As Floyd Hand tells it, "a beautiful lady in a rainbow-colored dress" appeared to him in a vivid dream last May and said she soon would bring a message of peace and unity to mankind.
That dream, the 55-year-old Lakota Sioux medicine man says, echoed a vision that a tribal elder experienced 60 years earlier.
Hand and other Native Americans believe the dream became reality last month with the birth of a female white buffalo, a sacred and apocalyptic symbol in Indian culture, on a modest farm in southern Wisconsin.
Since then, hundreds of Native Americans and others have flocked to Dave and Valerie Heider's 46-acre spread along the Rock River to glimpse the white buffalo. The Heiders have named the calf Miracle.
"In North American Indian country, we've been anticipating her coming since 1933-34," Hand said in a telephone interview last week.
"The second coming of Christ is like this; that is what is happening."

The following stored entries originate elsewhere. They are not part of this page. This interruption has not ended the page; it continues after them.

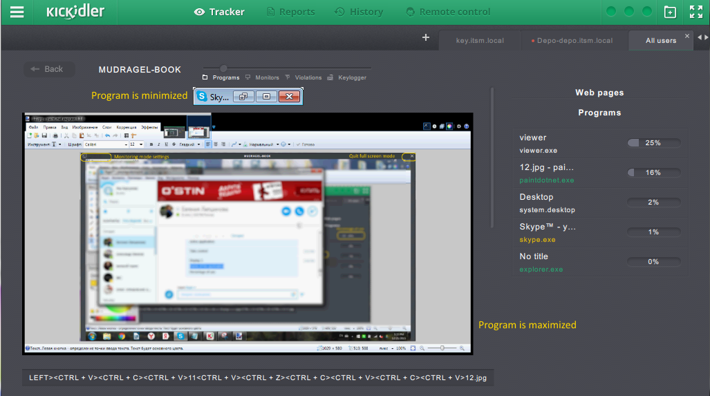 Çalışan programları izlemeye gitmek için "Programlar" düğmesine tıklayın. Çalışanın bilgisayarında çalışan tüm programların pencerelerinin görüntülendiği izleme bölümüne yönlendirilirsiniz. Program penceresi küçültülebilir veya büyütülebilir. Tüm programlar aşağı kaydırılabilir. Sağda çalışan bir uygulama paneli var. Aşağıda çalışanların çevrimiçi tuş vuruşlarını içeren, kayan bir çizgi vardır.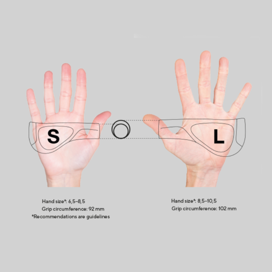 Ergon offers the GP1 Evo in sizes "Small" and "Large". The difference between the two sizes is the thickness of the grip in-hand as, to effectively distribute pressure on the handlebar and prevent discomfort, it is important that your hand does not completely enclose on the grips. A thicker grip provides an optimized fit for a larger hand, while a thinner grip is more advantageous for a smaller hand!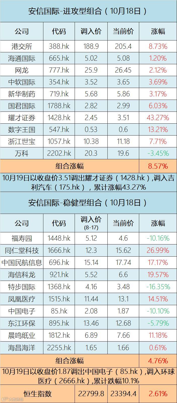 安信国际证券(香港)在8月17日发布两个备战深港通的优质港股组合,现调整内容如下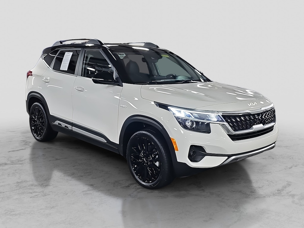 CARFAX One-Owner. Clear White/Black Roof 2023 Kia Seltos Nightfall 7-Speed Automatic I4 Glossy Black Door Garnish, Glossy Black Door Garnish Package, Navigation System, Wheels: 18" Alloy w/Matte Black Finish.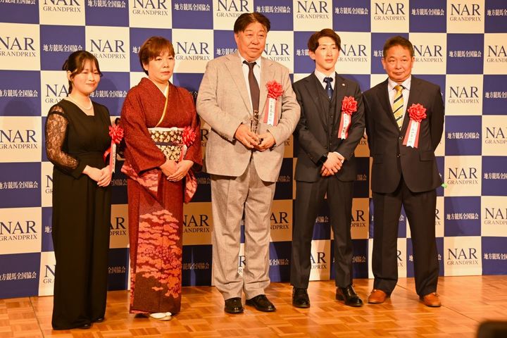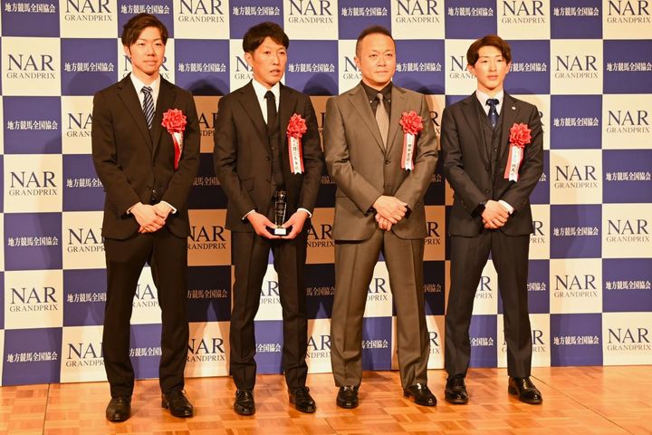 NARグランプリ2025表彰式 その他 2026.02.24 2025年に優秀な成績をおさめた地方競馬の人馬や、地方競馬の発展に功績のあった人馬等を顕彰する「NARグランプリ2025」の表彰式が2月24日(火)に東京都内のホテルで行われました。 【ホッカイドウ競馬表彰馬・表彰者】 ※馬の年齢は、すべて2025年時点 ■2歳最優秀牡馬 ベストグリーン号(2歳 田中淳司きゅう舎) 主戦騎手/小野楓馬騎手 ■2歳最優秀牝馬 リュウノフライト号(2歳 山口竜一きゅう舎) 主戦騎手/小野楓馬騎手 ■フェアプレイ賞 落合玄太騎手(田中淳司きゅう舎所属)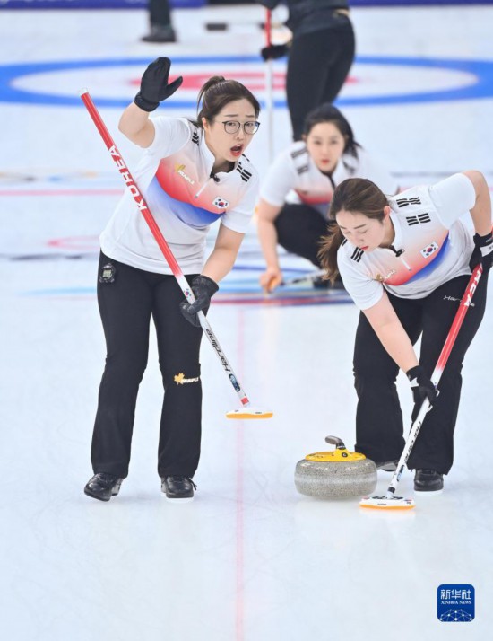當日,在北京國家游泳中心“冰立方”舉行的北京2022年冬奧會女子冰壺循環賽中,韓國隊以10比5戰勝日本隊。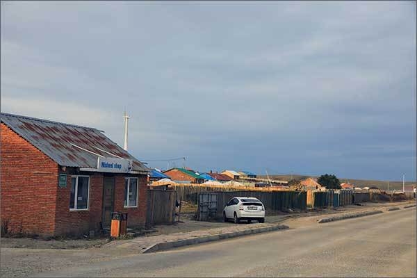 에르덴차강 솜 입구에 풍력발전기 한 대가 서 있어 멀리서도 잘 보인다. 마을에 들어가 슈퍼마켓에서 작은 사과 10여 개와 건포도, 물, 과자를 사고 주유소에서 기름을 채우고 실링복드(산) 방면으로 출발하였다. (기름 1리터에 3,110투그릭-한화 1,240원과 2,550투그릭-한화 1,20원으로 두메로 갈수록 기름값이 비싸서 사람이 살기가 더 어렵다)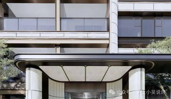在楼栋主入口同样运用 石材+弧形铝板等元素,同时还有格栅装饰,质感提升明显: 招商臻境售楼处电话:400-8894-638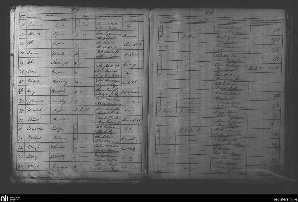 Graignamanagh; County of Carlow, Kilkenny; Diocese of Kildare and Leighlin. Baptisms, Feb. 1871 to Mar. 1871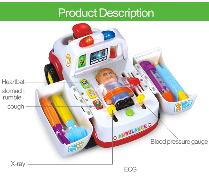 Параметры: ❤【Различный игрушка «машина скорой помощи» 】 Откройте автомобильную коляску, в том числе: шприц, скальпель, отоскоп, термометр и paitent лежа на автомобиле. Он учит детей Узнать функции и использование всех медицинских инструментов и медицинских познаний ❤【 По шкале Мооса Car】 Автомобиль скорой помощи для детей 2, 3, 4, 5, 6, 7 лет, автомобиль скорой помощи будет меняться направления и работать, когда он ударяется в что-то ❤【Мигающий свет и музыкальнаяstart Запуск скорой помощи, и это сделает: "Beehh" начать звук ❤【Medical аварийно-спасательных Knowledge】 Нажмите на кнопку, чтобы ребенок мог слушать кашель, сердцебиение, медицинские звуки, сделайте рентгеновский снимок и электрокардиограмма отправит ❤【Toddler игрушки 】 19*11,5*13 см. Лучший подарок для мальчиков и девочек старше 36 месяцев. Запросы батареи: 3*1,5 V * AA батареи (не включены)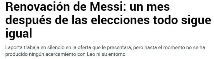 《马卡报》称,拉波尔塔和他的团队没有急于给梅西报价是因为他们还在确认合同上的一些细节,同时他们要搞清楚俱乐部实际的经济状况,以便提供准确的报价,不给球员画大饼。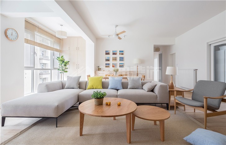 家居色調(diào)通常是白色、米色、淺木色等偏向淺色系,融入少許鮮艷的純色作為點綴;局部墻面采用木質(zhì)進行調(diào)和,居室空間處處體現(xiàn)簡潔實用、靜逸舒適。

Hand, whose Indian name is Looks for Buffalo, and a delegation of Lakota Sioux plan to make a pilgrimage this week from the Pine Ridge Reservation in South Dakota to Janesville, where they will "welcome the sacred spirit" of White Buffalo Calf Woman.
According to Lakota Sioux legend, "one summer so long ago that nobody knows how long" a beautiful young woman appeared among the Indians at a time when there was no game and people were starving.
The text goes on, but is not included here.